Shizue Morimoto trabalhou como arquiteta por 17 anos, mas foi com a maquiagem que ela se descobriu e deixou a Palloma Maremoto fluir. “É muito bom quando você pode dar uma pausa de você mesmo para ser outra pessoa completamente diferente. Você se descobre de outras formas. Usei o Palloma para me empoderar”, conta ela, que hoje se traveste de drag queen. “Foi assistindo um reality show que entendi que drag é uma expressão mais plural e menos limitada. Fiquei muito impressionada em como era possível transformar uma pessoa através da maquiagem. Comecei a me montar por causa disso”, completa.
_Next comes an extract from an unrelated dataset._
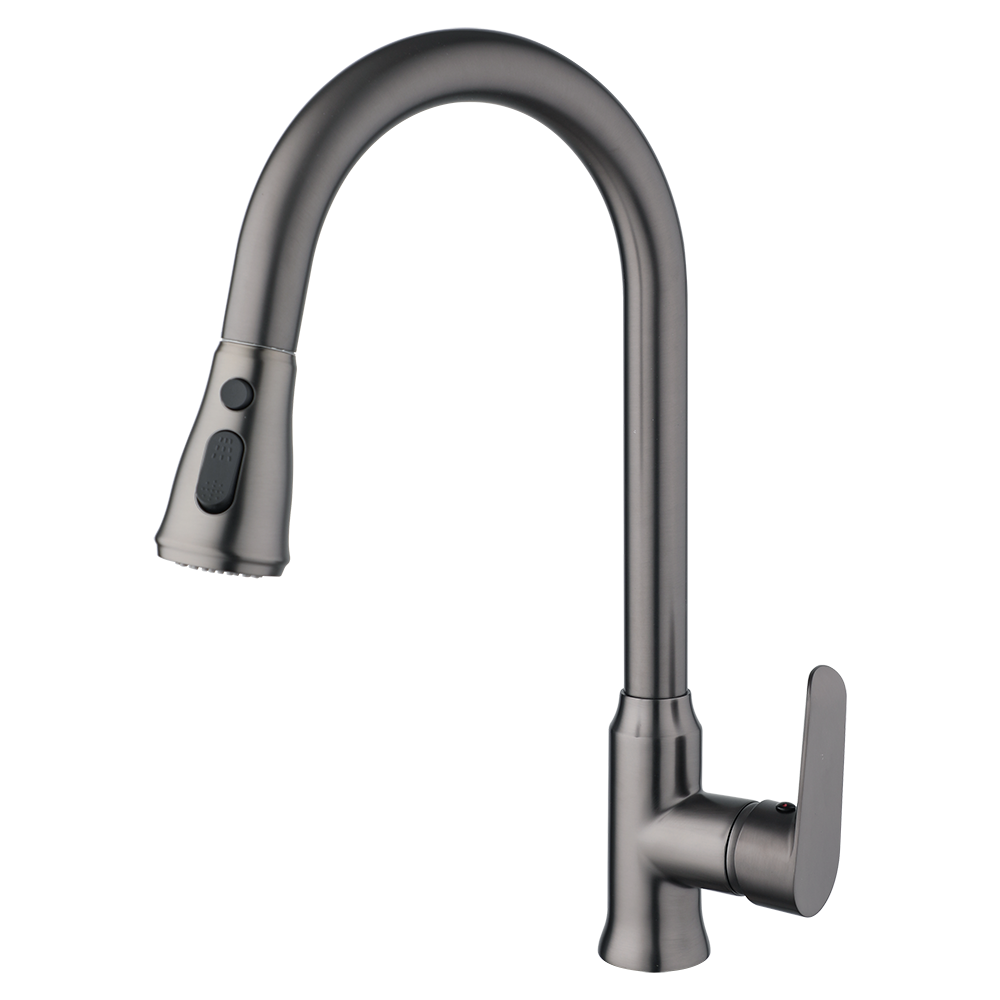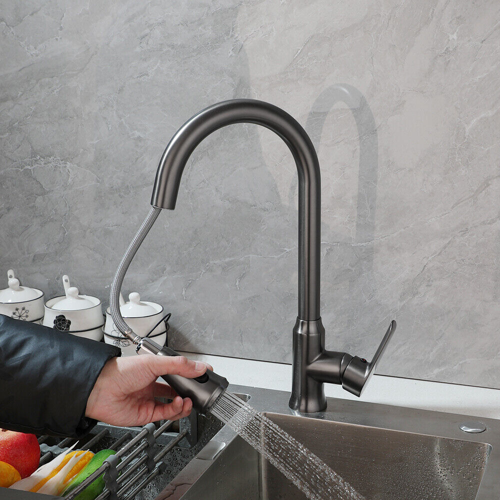 - Stijlvolle gun metal keukenkraan met uittrekbare sproeikop

No "Superbonita", vamos conferir a preparação de Shizue para receber a maquiagem artística.

Hoje, a hair stylist  Bruna Fabricio vê suas sardas como sua marca registrada, mas nem sempre foi assim. “Comecei a ter sardas aos 6 anos. Na época, era bem gordinha e não gostava das sardas porque as outras crianças faziam bullying. Aos 14 anos, passei a me preocupar ainda mais e pedi a minha mãe para ir ao dermatologista. Até hoje faço tratamento para reduzir as manchas”, conta ela ao confessar que demorou a se aceitar.      

Ainda no episódio, a psicanalista Ana Paula Gomes e as dermatologistas Juliana Neiva e Katleen Conceição comentam as questões levantadas pelo tema. Já a influenciadora digital Jeh Lopes dá sua dica para realçar a pele.